[Data records]
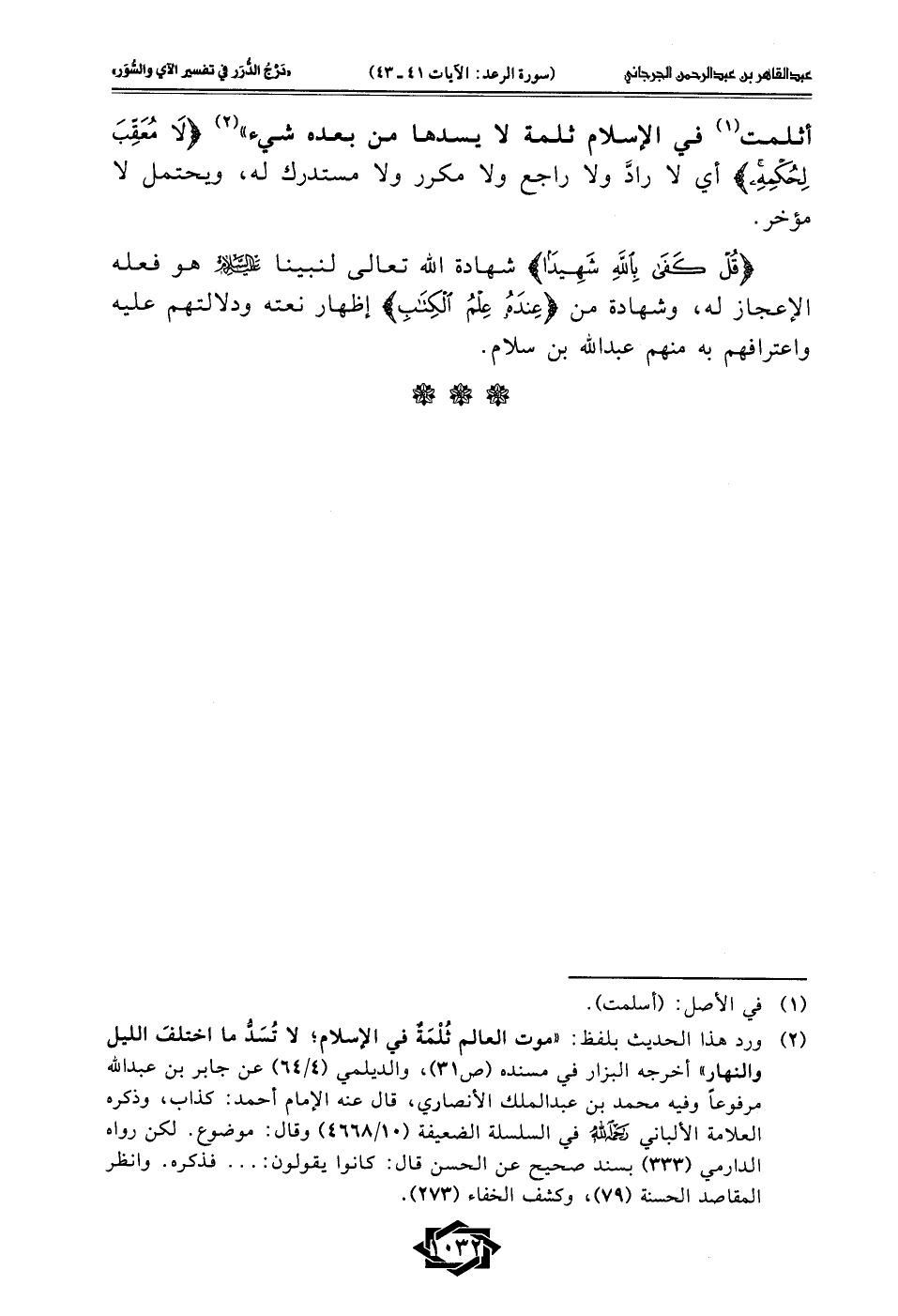 (¬2) ورد هذا الحديث بلفظ: "موت العالم ثُلْمَةٌ في الإسلام؛ لا تُسَدُّ ما اختلفَ الليل والنهار" أخرجه البزار في مسنده (ص31)، والديلمي (4/ 64) عن جابر بن عبد الله مرفوعًا وفيه محمَّد بن عبد الملك الأنصاري، قال عنه الإمام أحمد: كذاب، وذكره العلامة الألباني -رحمه الله- في السلسلة الضعيفة (10/ 4668) وقال: موضوع. لكن رواه الدارمي (333) بسند صحيح عن الحسن قال: كانوا يقولون: ... فذكره. وانظر المقاصد الحسنة (79)، وكشف الخفاء (273).
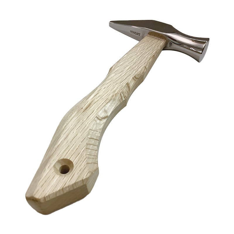 船屋玄能は、カシメ、釘シメに使用するのに便利な形状の頭部です。
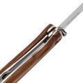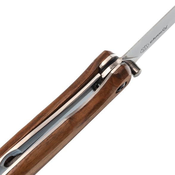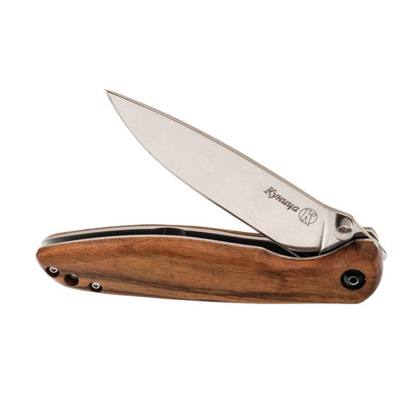 Складной нож Куница, Кизляр пользуется особой популярностью в своей линейке. Нож имеет острый клинок из AUS-8 стали, обух клинка понижается в сторону острия, что значительно улучшает разрезание. Раскладывание можно произвести одной рукой, фиксация производится при помощи надежной системы Liner-Lock. Рукоять выполнена из микарты в виде двух пластин, скрепленных при помощи трех винтов.
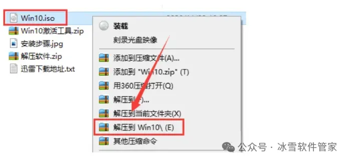 1.将下载的文件夹移动到非C盘位置(如;D盘);打开下载的文件夹,选中【Win10.iso】镜像文件,鼠标右击选择【解压到Win10】。
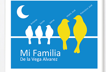 Original representación familiar con pajaritos, que da la posibilidad de introducir el nombre de la familia, de papá, de mamá y hasta 3 hijo/as. Lo podrá encontrar en Babyprint.
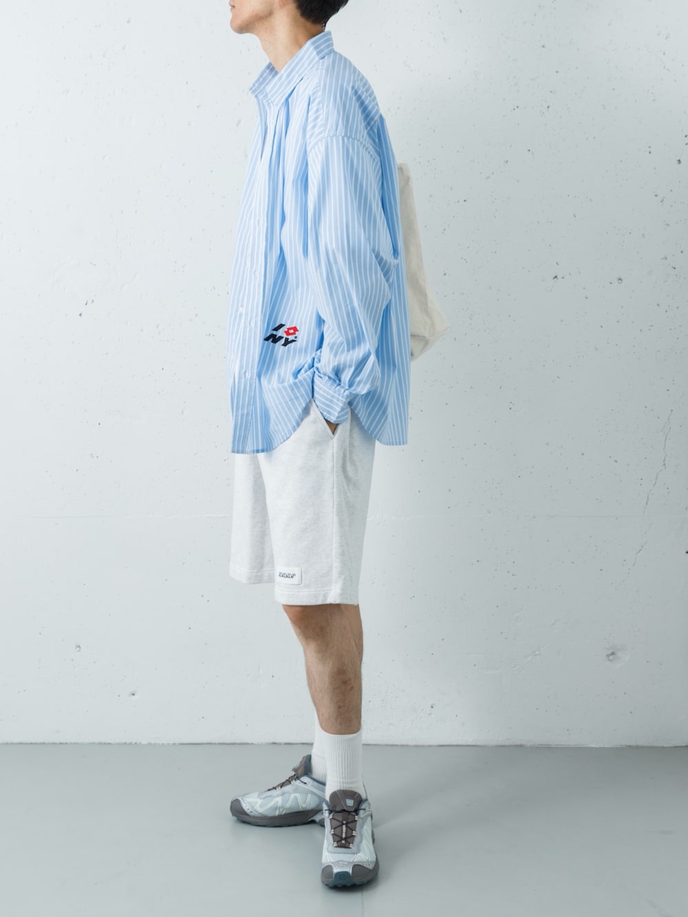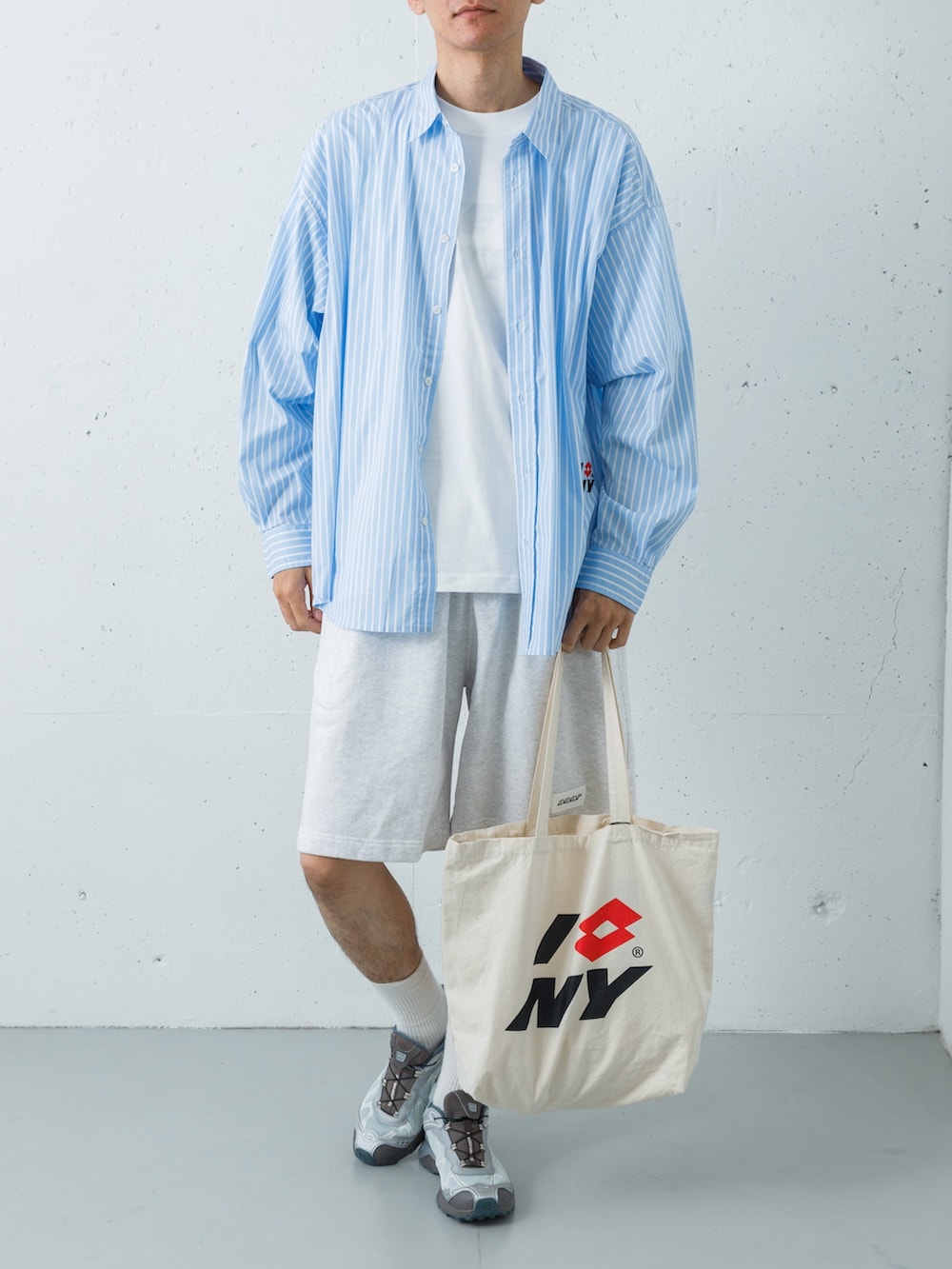 清涼感のあるブルーストライプシャツのインナーには、クリーンな白のロゴTシャツをセレクト。ボトムスに「dDdDdDd」の杢グレーのスウェットショーツを合わせることで、シャツの端正な印象に適度な「ハズシ」とスポーティーな軽快さをプラスしています。
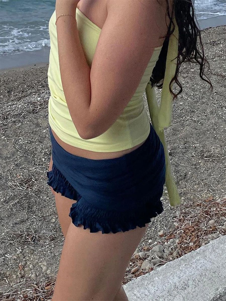 Cyflymder Ruffle Shorts y2k Clothes Women Solid Color Elastic Low Waist Layered Tiered Lace Bloomers Vacation Beach Streetwear
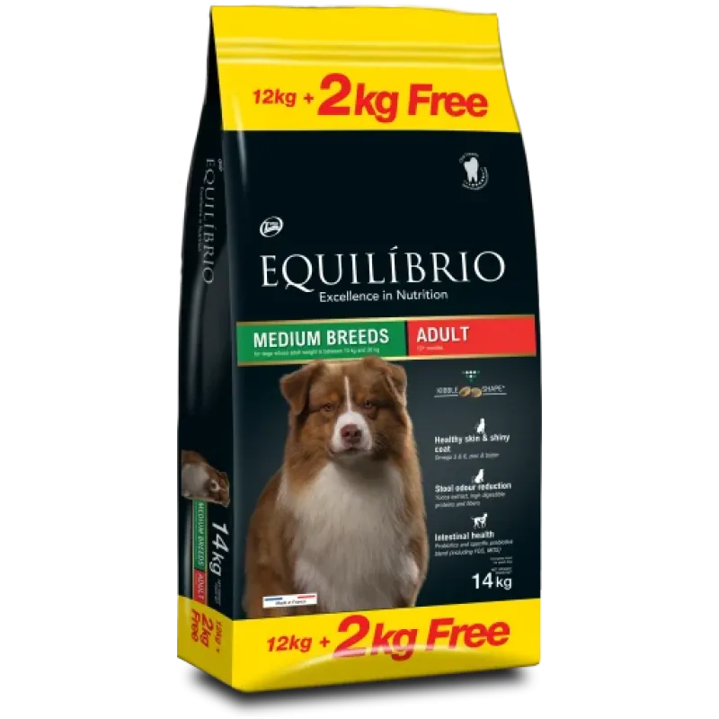 Balanced diet for adult dogs with chicken and fish meal. Helps maintain ideal body weight, offers a smooth and shiny hair while at the same time preventing tartar. Composition: Chicken meat, fish meal, rice, corn, flaxseed yeast, dried egg, total poultry fat (naturally preserved with tocopherols and rosemary oil), fish oil, skimmed soybean oil, probiotics, inulin, potassium chloride, Yucca schidigera extract, Sodium hexametaphosphate, premix of vitamins, minerals. Protein 25%, Fats 15%, Fibrous substances 3%, Humidity 10%, Ash 7%, Calcium 1.1%, Phosphorus 0.75%, Linolenic acid 0.23%, Linoleic acid 1.15%, Inulin 0.55%, Probiotics 1%.
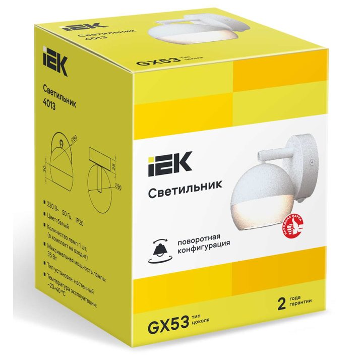 LIGHTING Светильник 4013 накладной настенный под лампу GX53 белый IEK
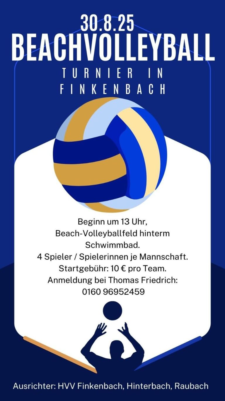 Bei bestem Spätsommerwetter fand unser erstes Beachvolleyball- Tunier in Finkenbach statt. Zahlreiche Mannschaften traten auf dem neu gestalteten Sandplatz gegeneinander an, um sich bei spannenden und fairen Spielen den erstmals ausgespielten Wanderpokal zu sichern.
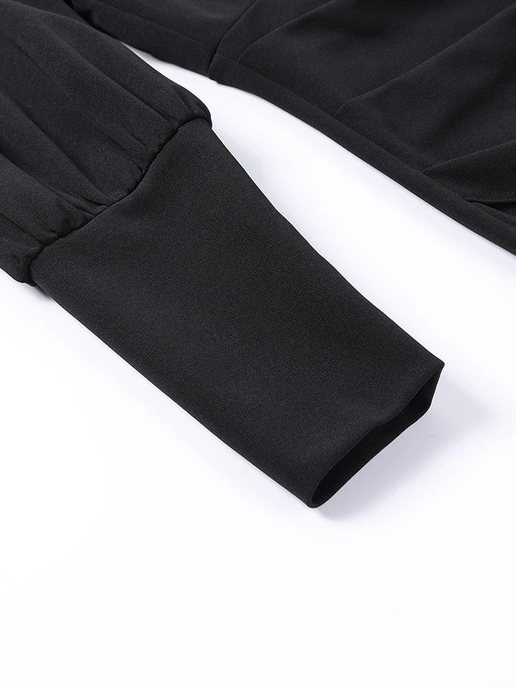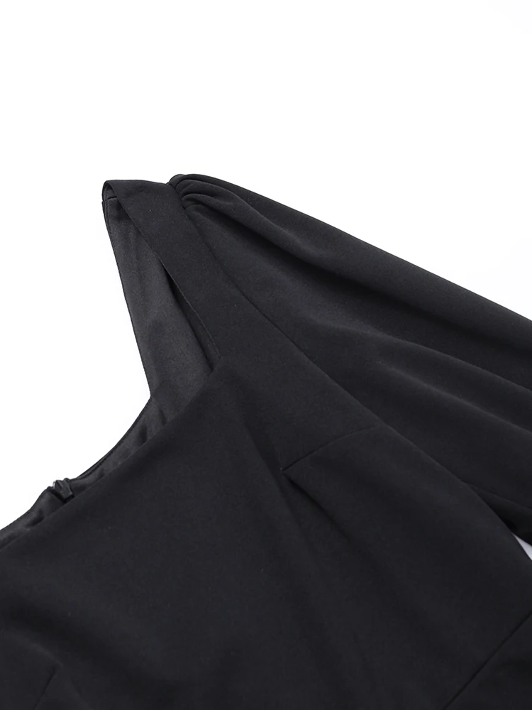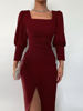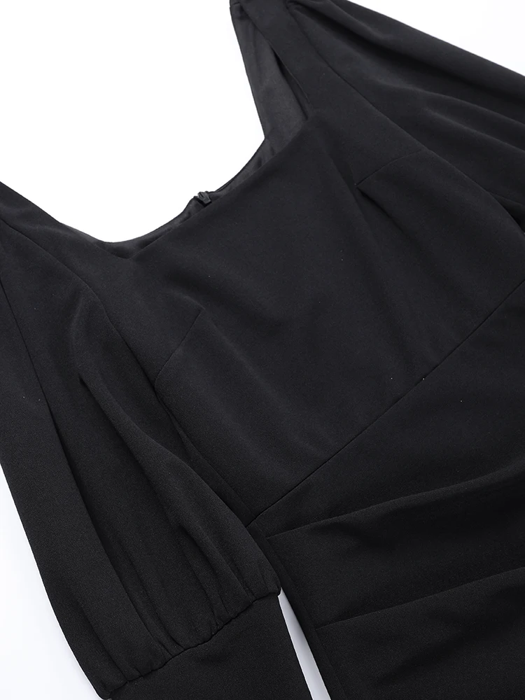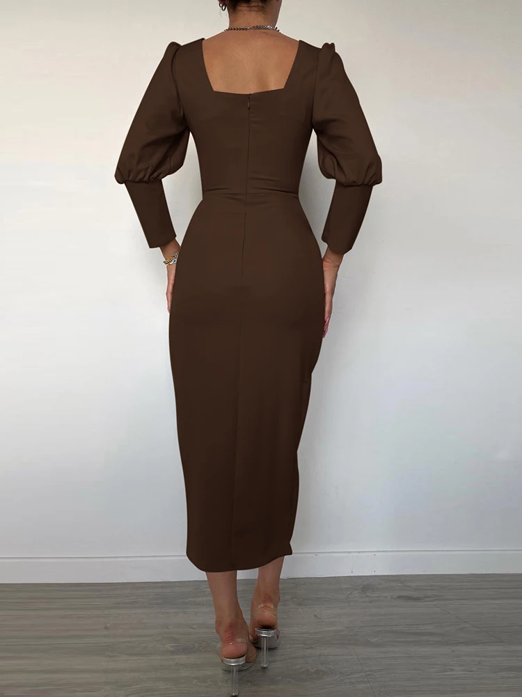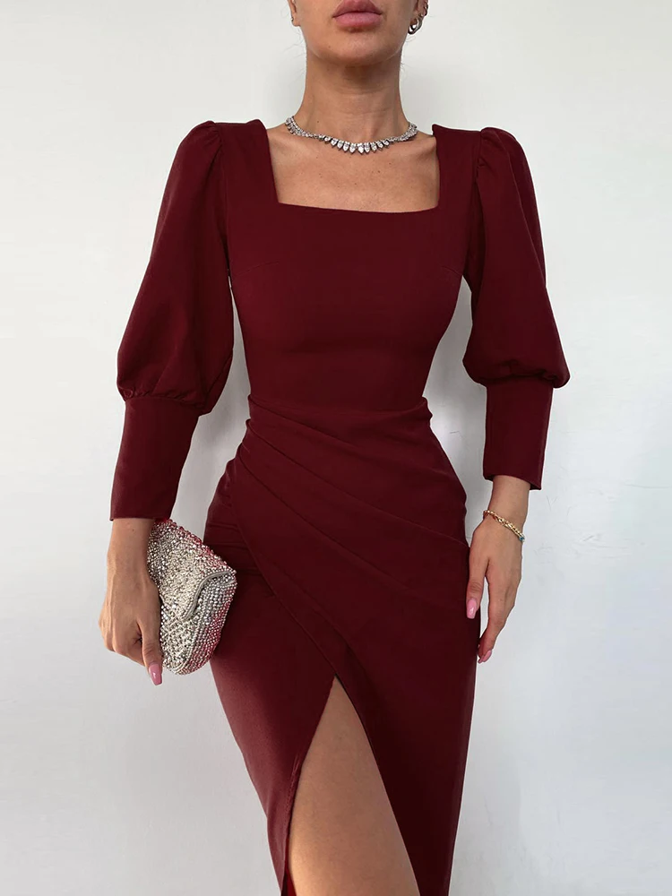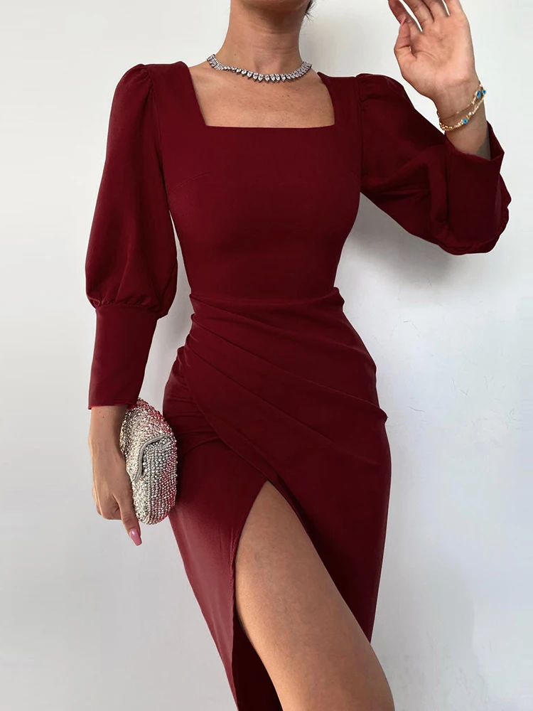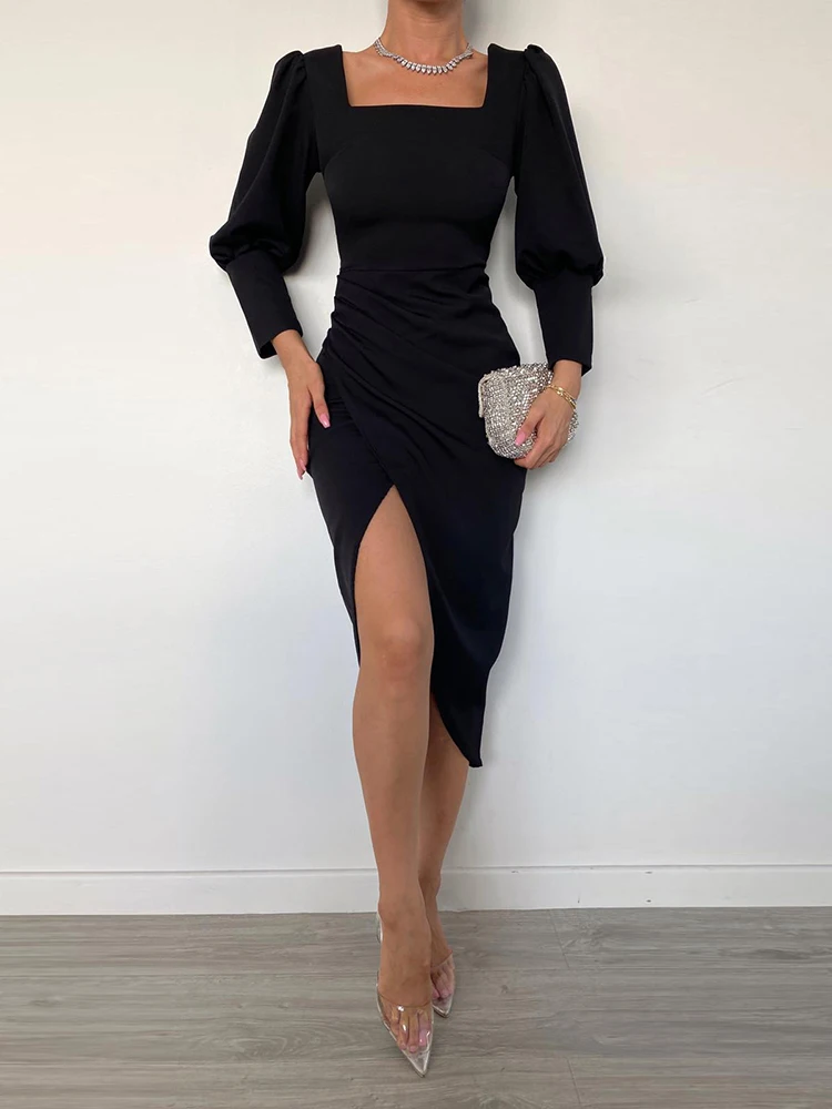 InstaHot Lantern Sleeve Folds Midi Dress Women Sexy Elegant Y2K Club Party Evening Gala Dress Square Collar Slim Bodycon Autumn

**AIM OF THE EXERCISE:** Write out again only the lines from the line that contains "LIGHTING Светильник 4013" through the last line of the records, both ends included, without any of the pictures.

**RESULT OF THIS EXERCISE:**
 LIGHTING Светильник 4013 накладной настенный под лампу GX53 белый IEK
 Bei bestem Spätsommerwetter fand unser erstes Beachvolleyball- Tunier in Finkenbach statt. Zahlreiche Mannschaften traten auf dem neu gestalteten Sandplatz gegeneinander an, um sich bei spannenden und fairen Spielen den erstmals ausgespielten Wanderpokal zu sichern.
 InstaHot Lantern Sleeve Folds Midi Dress Women Sexy Elegant Y2K Club Party Evening Gala Dress Square Collar Slim Bodycon Autumn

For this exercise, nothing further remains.